Hec, that article, although interesting (thanks again, flea!) didn't mention anything about house vs. field slaves.
Dang! Yeah, I didn't find the research I had mentioned in the other stuff I dug up either.
But I'm pretty sure the slave graveyard was in New York somewhere.
Huh. Reasons going in and paying rent in person is good, include this guy. He was showing off some of his portfolio and there were these pictures where he was "sweaty" and "wounded" and a little "battered" so now Ima go have an impure thought about my neighbor.

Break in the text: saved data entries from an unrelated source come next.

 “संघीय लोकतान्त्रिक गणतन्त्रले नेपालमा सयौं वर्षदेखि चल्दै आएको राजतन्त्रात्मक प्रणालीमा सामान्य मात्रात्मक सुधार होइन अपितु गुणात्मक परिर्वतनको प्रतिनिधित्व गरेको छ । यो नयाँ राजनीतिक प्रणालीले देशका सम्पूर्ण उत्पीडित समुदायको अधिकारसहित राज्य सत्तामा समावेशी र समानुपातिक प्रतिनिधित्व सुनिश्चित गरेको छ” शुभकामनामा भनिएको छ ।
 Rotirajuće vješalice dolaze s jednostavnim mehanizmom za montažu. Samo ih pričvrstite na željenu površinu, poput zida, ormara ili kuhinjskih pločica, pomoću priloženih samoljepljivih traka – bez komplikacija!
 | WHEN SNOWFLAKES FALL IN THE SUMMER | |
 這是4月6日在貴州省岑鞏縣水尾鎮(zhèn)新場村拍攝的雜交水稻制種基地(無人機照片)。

Hey, I have to pay rent tonight too...
You should come pay rent here. The rats are low and guys are smokin' hot.
Hec, was it in conjunction with this exhibit?
But I'm pretty sure the slave graveyard was in New York somewhere.

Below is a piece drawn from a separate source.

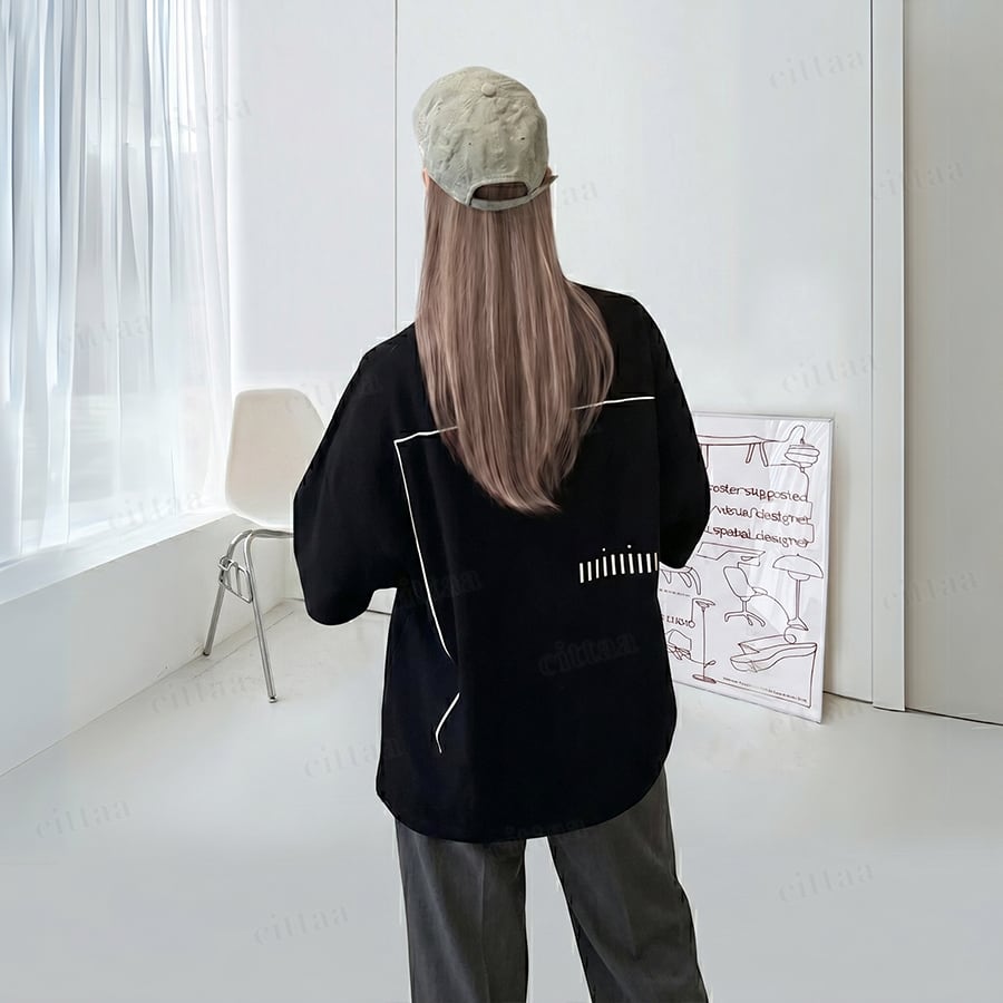 フロントとバックに施された細身のラインアートが、さりげなく個性を引き立てる1枚。主張しすぎない繊細なグラフィックで、大人っぽさをキープしながらしっかり着映え。シンプルに着るだけで雰囲気のあるスタイルが完成します。

The one they just found a few years ago? Yep.
ETA: I'll bet this is an interesting watch -
Slavery’s Buried Past A documentary on the discovery, in 1991, of a slave graveyard, a few miles from Wall Street in New York City, and the ensuing controversies.
X-posting with Natter:
I'd like to say for the record that Jon Stewart guesting on a kid's show is fucking BRILLIANT. Saw it--he's extra cute and funny. And very typically himself.

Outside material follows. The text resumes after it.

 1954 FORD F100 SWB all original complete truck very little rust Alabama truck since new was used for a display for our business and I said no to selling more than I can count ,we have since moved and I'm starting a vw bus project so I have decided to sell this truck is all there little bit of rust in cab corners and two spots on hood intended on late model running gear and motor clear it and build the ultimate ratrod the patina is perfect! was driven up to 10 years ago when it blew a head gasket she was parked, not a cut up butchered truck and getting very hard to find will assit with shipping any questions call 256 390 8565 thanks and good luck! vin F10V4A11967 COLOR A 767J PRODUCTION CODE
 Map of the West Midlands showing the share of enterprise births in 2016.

Dr. Micheal Blakey looks like the guy David might be talking about, ita
pdf of a lecture poster
[link]
and this was from a document about the program
Dr. Michael Blakey, a biological anthropologist at Howard University’s Cobb Laboratory, head the research on the skeletons found at the burial ground in New York City. Half of them were children, and many of these were infants under 6 months old. This evidence of high infant mortality tells researchers that the enslaved Africans at this site were kept in very, very poor conditions. Mark Mack and other scientists at Cobb Laboratory have been studying defects in muscle attachments and fractures on the remains of the buried slaves, which show that people were ”pressed to the very margins of human physical capacity.”